Testo di Vittoria Biasi (Art Historian)

Fabriano è tra i luoghi più belli delle Marche, vicina alle spettacolari grotte di Frasassi e presente nella lista delle città creative dell’Unesco.

In tale spirito si inserisce la particolare Biennial International Prize, “Marche d’Acqua”, FABRIANO WATERCOLOUR 2018. Dal 2010 la città ha istituito il Premio Biennale Internazionale “Fabriano Watercolour” in cui la carta e la sua storia divengono gli interpreti e l’anima di incontri internazionali. La carta a mano artigianale, eccellenza della produzione cartiera, è il supporto privilegiato su cui il watercolour offre la sua meravigliosa resa.

Cerimomia

Il mondo della carta è ricco di numerosi accorgimenti legati al momento estremo del rapporto tra la fluidità dell’acquarello e la porosità della superficie. Nei tempi remoti accanto alla via della seta vi è stata quella della carta!

La biennale è una vetrina importante e un modo intelligente, corretto per non far estinguere una storia, mantenerla viva, in dialogo con il tempo tecnologico, virtuale e impalpabile lì dove la carta è un corpo, che è stato capace di tramandare i segni particolari della storia. La new economy propone gli ebook ma il contatto e il profumo della carta sono un’esperienze sincretica.

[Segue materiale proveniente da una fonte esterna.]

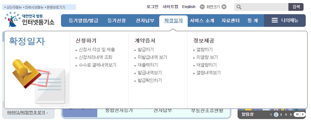 확정일자는 민원24 사이트가 아닙니다. 대법원 등기소 사이트에서 처리가 가능한데요. 먼저 대법원 등기소 사이트에 접속해 주세요.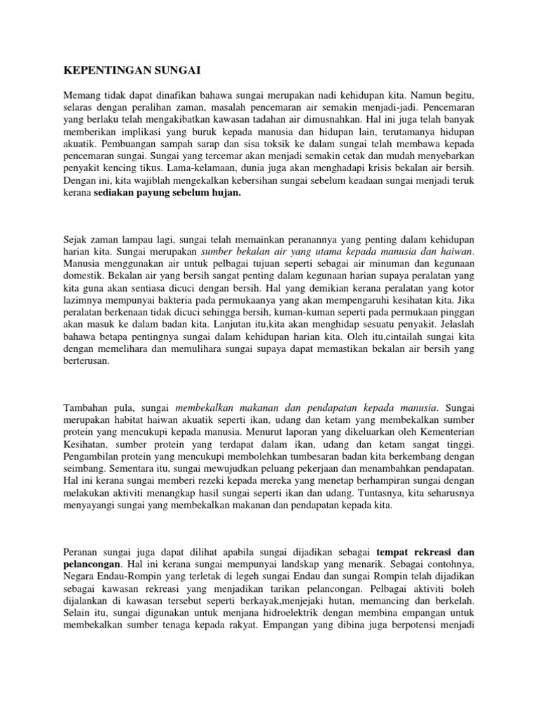 Karangan Spm Kepentingan Sungai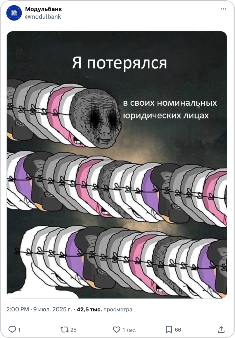 Уже больше полутора лет мы ведем аккаунт «Модульбанка» в X (бывший Twitter) и делаем рилсы для Instagram*. Клиент пришел к нам в 2023 году с задачей повысить узнаваемость среди предпринимателей, чей бизнес уже пережил кризисы первых трех-пяти лет и остался на плаву. Для банка это самый платежеспособный сегмент аудитории. Команда заказчика провела глубинное исследование среди нескольких тысяч предпринимателей, из которого мы узнали, что они очень одиноки в своих проблемах. Все рекламные кампании построены на образе бизнесмена-героя, а российский предприниматель редко чувствует себя таким.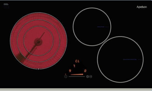 * Bếp điện từ Apelson AMT-377 có cấu tạo 3 bếp được thiết kế đồng đều cho phù hợp cho việc nấu ăn với các loại nồi khác nhau - bếp điện hồng ngoại được thiết kế đặc biệt hơn đó chính là có 3 vòng nhiệt có thể điều chỉnh to nhỏ khi nấu.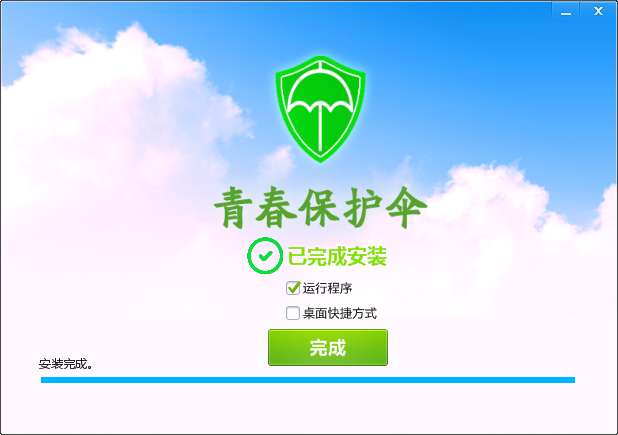 4.点击完成,青春保护伞软件安装成功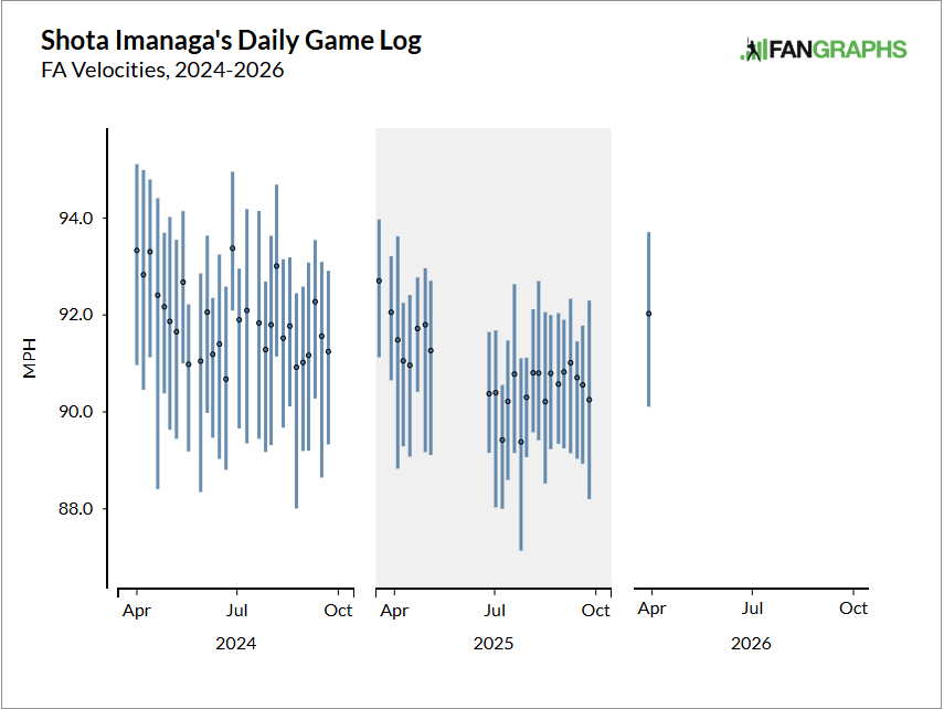 I did extensive looks at Imanaga in a few previous posts, including looking at his fall-off post-injury in 2025: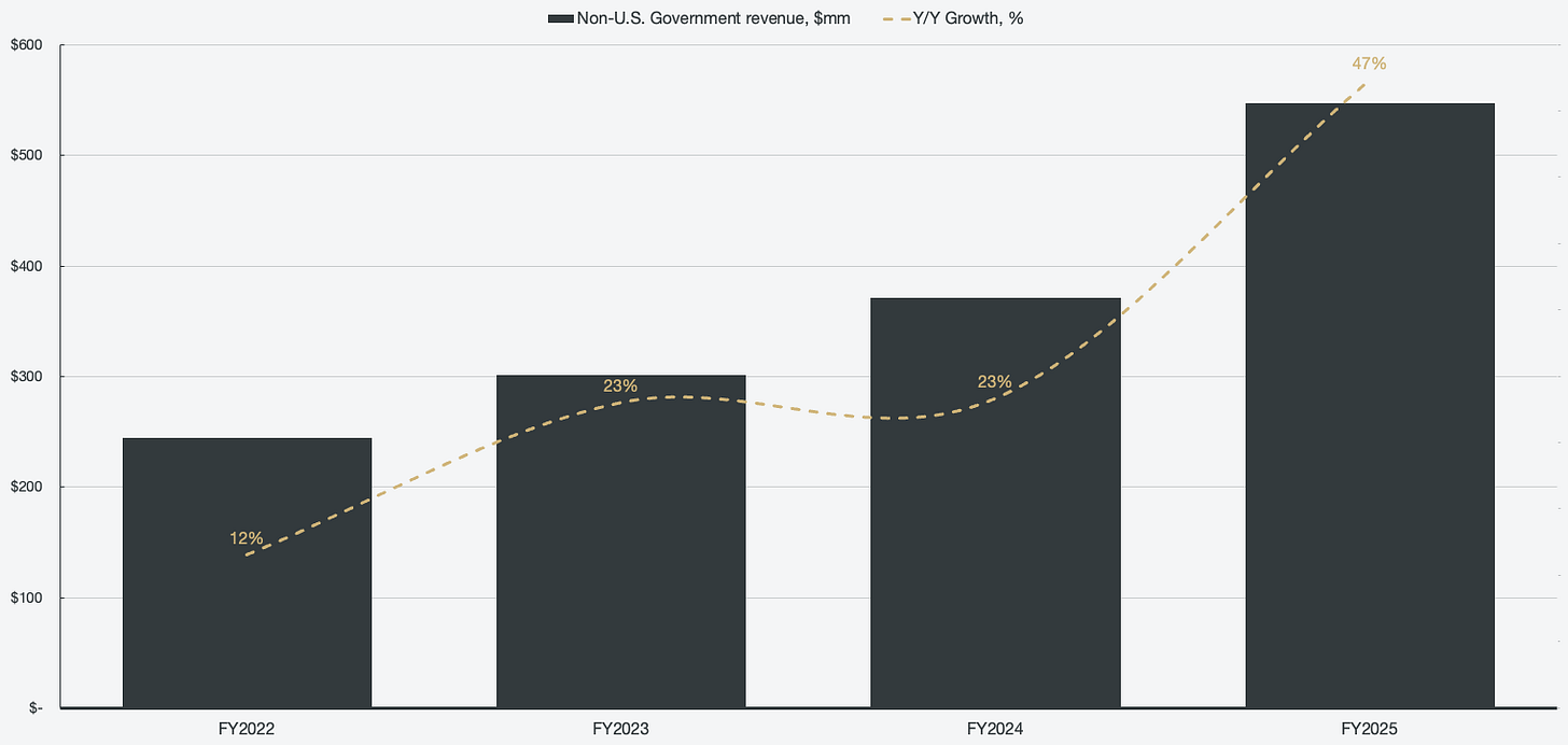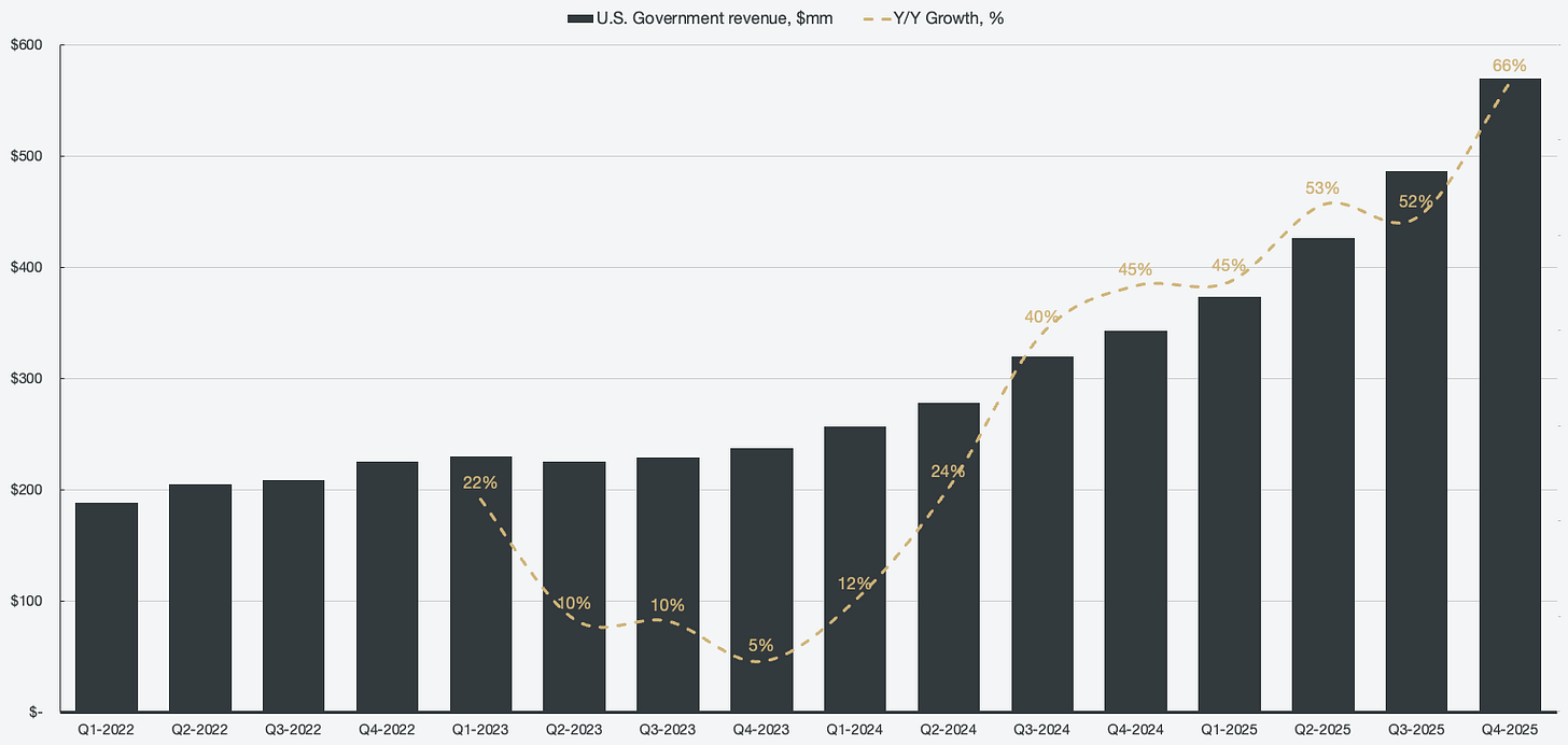 While the commercial end is struggling outside of the U.S. borders, the non-U.S. governments seem to have understood that they need Palantir. Y/Y growth more than doubled in 2025 compared to 2024, and similarly to the rest of Palantir’s business, this segment is also just getting started.

La manifestazione ha un carattere internazionale: il responsabile del Museo, dottor Claudio Pellegrino persegue la cultura della carta collaborando con cartiere di paesi asiatici, aprendo gemellaggi e scambi culturali.

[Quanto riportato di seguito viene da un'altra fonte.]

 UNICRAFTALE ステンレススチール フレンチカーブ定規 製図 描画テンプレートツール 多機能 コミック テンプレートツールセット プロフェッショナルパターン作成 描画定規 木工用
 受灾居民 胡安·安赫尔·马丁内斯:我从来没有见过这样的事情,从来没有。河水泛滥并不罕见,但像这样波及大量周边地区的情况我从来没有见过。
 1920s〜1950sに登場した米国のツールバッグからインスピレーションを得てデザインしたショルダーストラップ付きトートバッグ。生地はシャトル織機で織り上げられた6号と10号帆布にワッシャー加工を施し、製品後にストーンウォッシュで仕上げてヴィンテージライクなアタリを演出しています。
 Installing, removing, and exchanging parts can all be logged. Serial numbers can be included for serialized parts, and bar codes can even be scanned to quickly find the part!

La biennale di Fabriano ha la particolarità di concentrare l’attenzione sul watercolour. L’acquarello è un linguaggio antico di grande delicatezza e luminosità: è stato utilizzato nella fase preparatoria o come studio per opere di maggiori dimensioni. La sua diffusione in Italia avviene nell’Ottocento, successivamente ad altri paesi europei, come ai luminosi acquarelli di William Turner o degli impressionisti francesi.

La Giuria

La biennale di Fabriano, per la sua peculiarità, si inscrive tra gli eventi culturali con tema predefinito e ricercato. Il presidente della giuria Zhou Tianya, artista acquarellista cinese è anche curatore della Biennale Internazionale di Shenzen, altra città creativa presente nell’elenco UNESCO. Anche quest’anno l’inglese David Paskett, Presidente della britannica Royal Watercolour Society, sarà in giuria accanto a Isabel Alosete Moreno, leader dell’Associazione Acquarellistica spagnola, Tejo Van den Broek, già presidente dell’Associazione Acquerellisti del Belgio, Cristina Bracaloni, membro dell’Associazione Italiana Acquarellisti, il russo Konstantin Sterkhov, artista, scrittore di libri e autore di un blog artistico, seguitissimo a livello internazionale, Angelo Gorlini, artista di fama internazionale, Laurin McCracken, membro di una dozzina di Associazioni Acquarellistiche a livello mondiale tra cui l’American Watercolour Society, Valentina Verlato dell’Associazione Acquarellisti Veneti, lo scozzese Angus McEwan, docente al Dundee College of Art ed artista di assoluto rilievo internazionale, e Gabriele Mazzara l’artista fabrianese.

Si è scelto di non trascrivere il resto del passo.